The application of hypertext technology and the possibility to display digital facsimiles in establishing electronic dossiers génétiques, provides the editor with a multiplicity of ways in which s/he can regroup a series of documents which are akin to each other on the basis of resemblance or difference. The experiments with proprietary software systems (Hypercard, Toolbook, Macromedia, PDF, etc.), however, are too much oriented towards display, and often do not comply with the rule of "no digitization without transcription" (Robinson 1997).

Further, the TEI solutions for the transcription of primary source material do not cater for modern manuscripts because the current (P4) and previous versions of the TEI have never addressed the encoding of the time factor in text. Since a writing process by definition takes place in time, four central complications may arise in connection with modern manuscripts and should thus be catered for in en encoding scheme for the transcription of modern primary source material. The complications are the following:

  1. Its beginning and end may be hard to determine and its internal composition difficult to define (document structure vs. unit of writing): authors frequently interrupt writing, leave sentences unfinished and so on.
  2. Manuscripts frequently contain items such as scriptorial pauzes which have immense importance in the analysis of the genesis of a text.
  3. Even non-verbal elements such as sketches, drawings, or doodles may be regarded as forming a component of the writing process for some analytical purposes.
  4. Below the level of the chronological act of writing, manuscripts may be segmented into units defined by thematic, syntactic, stylistic, etc. phenomena; no clear agreement exists, however, even as to the appropriate names for such segments.

These four complications are exactly the ones the TEI Guidelines cite when trying to define the complexity of speech, emphasizing that "Unlike a written text, a speech event takes place in time." (Sperberg-McQueen and Burnard 2001: 254).
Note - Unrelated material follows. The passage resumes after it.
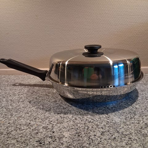 1 stk. sauterpande med låg. 2 liter og 22 cm i diameter: 375 kr.

This may suggest that the markup solutions employed in the transcription of speech could prove useful for the transcription of modern manuscripts, in particular the chapter in the TEI Guidelines on Linking, Segmentation, and Alignment (esp. 14.5. Synchronization).

This paper will deal with the practicalities underlying the production of electronic scholarly editions and will report on the results of a research stay at the Wittgenstein Archives in Bergen with a EU Research Infrastructure grant in June-July 2002.